Assignee: ftang → dougt
Doug, we were also looking for the appropriate owner for this bug. If it's not you, can you forward it instead of kicking it back? Thanks!
With yeterday's 0.9.2 commercial branch build, this wfm.
Status: NEW → RESOLVED
Closed: 24 years ago
Resolution: --- → WORKSFORME
As of build id 2001071003 from 0.9.2 latest mozilla-win32-talkback.zip, this is only partially fixed for me. I saw the same partial fix when isolating trunk build that fixed bug 83175 in the trunk. See attached screenshot kd-partial-load-2001071003.gif to show the improvement when running the test case from bug 83175. The top banner and leftmost table rendered, but the main screen section does not dsplay the technicolor div text, whereas before only the top banner and top link in the leftmost table were rendered.
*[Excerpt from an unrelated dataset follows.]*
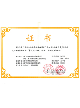 保灃3號廠房建設(shè)工程廈門市結(jié)構(gòu)優(yōu)質(zhì)工程證書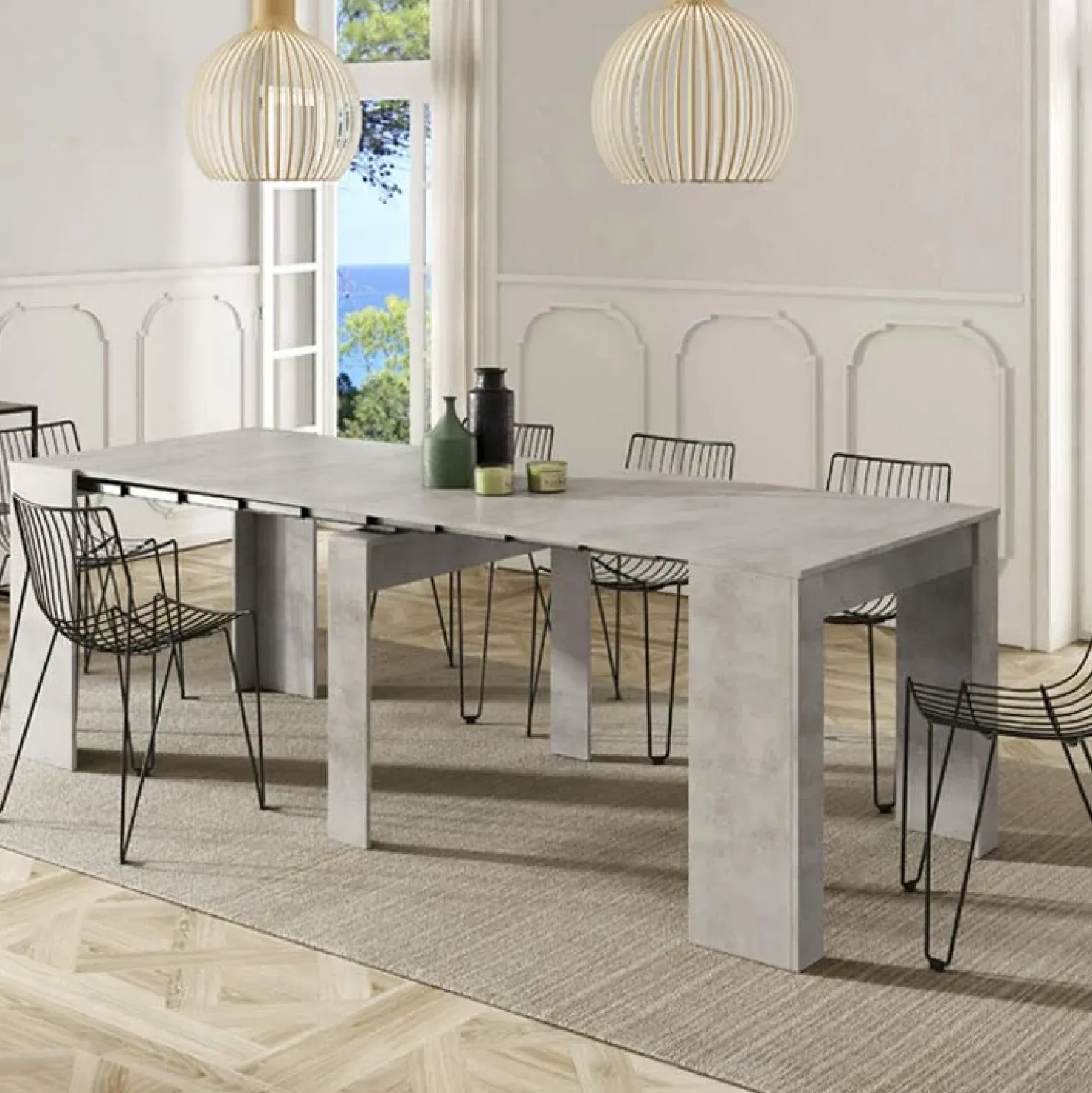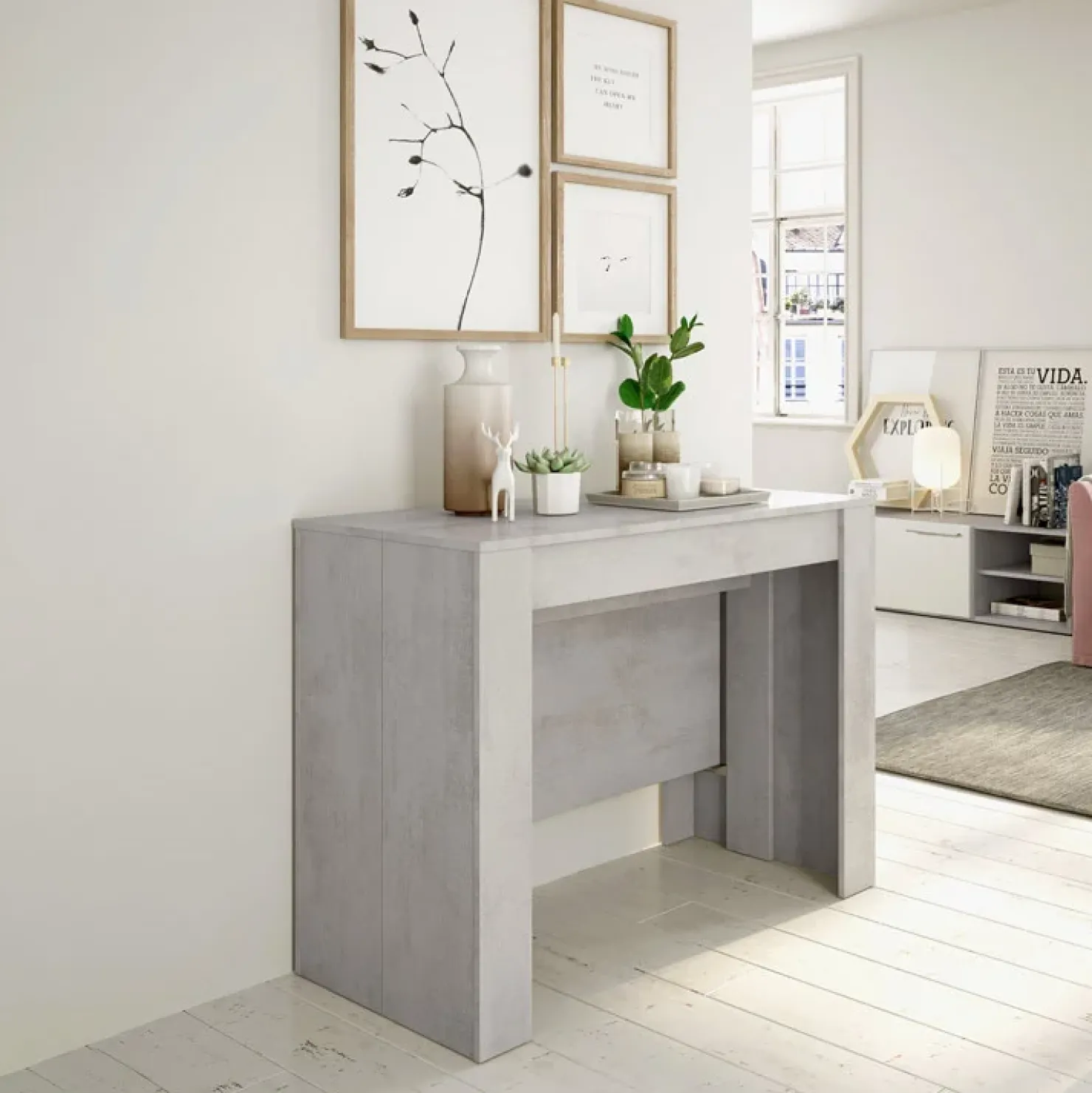 Il Tavolo consolle allungabile Fox Gihome® in finitura grigio cemento si abbina bene a pavimentazioni dalla tonalità chiare. Per rimanere in linea con la modernità del mobile, si consiglia di optare per rivestimenti all’avanguardia, come quelli in resina o in gres porcellanato. Quest’ultimo è un materiale che imita fedelmente l’effetto legno, cemento e pietra. Il legno o finto legno è senza dubbio ciò che più si addice per essere accostato a Fox Gihome®, in quanto stacca piacevolmente dalla finitura del prodotto e, al tempo stesso, conferisce ad esso e all’ambiente una nota di calore.

Status: RESOLVED → REOPENED
Resolution: WORKSFORME → ---
trunk build isolation notes and test case and skin observation taken from bug 83175. note entry under anomaly concerning partial fix: ---- darin: mission accomplished (now retiring from testing this bug :) 2001-06-26-06-trunk/mozilla-win32.zip - Build ID: 2001062604 - bug is reproducible 2001-06-26-14-trunk/mozilla-win32.zip - Build ID: 2001062611 - bug is reproducible (with one anomaly) 2001-06-27-06-trunk/mozilla-win32-talkback.zip Build ID: 2001062704 - bug is no longer reproducible note: verified in multiple tests of each build in various orders (working backward and forward through builds). anomaly: during the first test of 2001-06-26-14-trunk, the bug was still reproducible, with the sole difference that the left table (site navigation links) rendered fully. during all other tests of this buildand preceding builds, only the top banner and the first link of the left table (site navigation links) were rendered, as illustrated in the partial load window capture attachment. good luck! ---- The following sequence of commands can be used to consistently reproduce this bug under Windows 2000 Server on one of my machines. Hope this helps (and works for others). 1. Start Mozilla (my settings start with a mail window). 2. Clear memory and disk caches. 2.a. Select "Edit / Preferences / Advanced / Cache / Clear Memory Cache" 2.b. Select "Edit / Preferences / Advanced / Cache / Clear Disk Cache" 3. Open a browser window. Note: Steps 2 and 3 can be reversed; browser can be set to open with blank page or live web page. 4. Select "Debug / Viewer Demos / #9 Frames" (loads from resource) 5. Select "Debug / XBL Demos / #1 Technicolor DIV" (loads from www.mozilla.org) 6. The page will not completely load. 7. Go to non-www.mozzila.org web site. 8. Repeat step 2 to clear caches. 9. Repeat steps 4 and 5 to reproduce again. Did not test further for other possibilities. My cache settings are 4096 memory, 5000 disk, Check every time. ---- More interesting tidbits: The bug is not always reproducible when using the Classic theme, but is always reproducible using Modern.
On the bright side: The partial load of URLs listed here *does* seem to be fixed, including large amazon wishlist. The test case still fails, which leads me to believe there is more than one patch merge involved in completely fixing this bug.
I still don't see the problem. :-/
over to gagan. something came up that requires my attention.
Assignee: dougt → gagan
Status: REOPENED → NEW
New observation: This bug is now just as easily reproduced with Classic skin in the build previously cited. Also, leftmost table is rendered with only top link present (ordinary state of the world when this bug exists). The anomaly of rendering more (but not all) of the leftmost table, as illustrated in previous attachment, is sporadic.
i find it very hard to understand how this can be a necko issue if difference skins affect the behavior.
As I said, the skins are not affecting the behavior, after all. However, even if it were, wouldn't the different memory footprints when using two different skins conceivably affect the manifestation of certain types of bugs?
I hope we are not hunting that kind of bug.. :-/
I think this should be a Mojo stop-ship. I'm running into this over and over again on my latest win32 branch nightly, both on dial-up and on the fast work connection. I haven't found a workaround short of restarting (reloading and shift+reloading don't seem to do it). I often see it on mozilla.org and bugzilla.mozilla.org. I believe it has something to do with the cache. Usually when I see this problem, the statusbar says "Read [path ending in '/cache', or containing 'cache' somewhere]".
OS: Linux → All
Hardware: PC → All
Has anyone seen this on the branch since the charset stuff landed on Friday? I think that it is a cache problem of some sort which the double-load just triggers, and that that patch is only hiding the problem, though. No evidence for that :)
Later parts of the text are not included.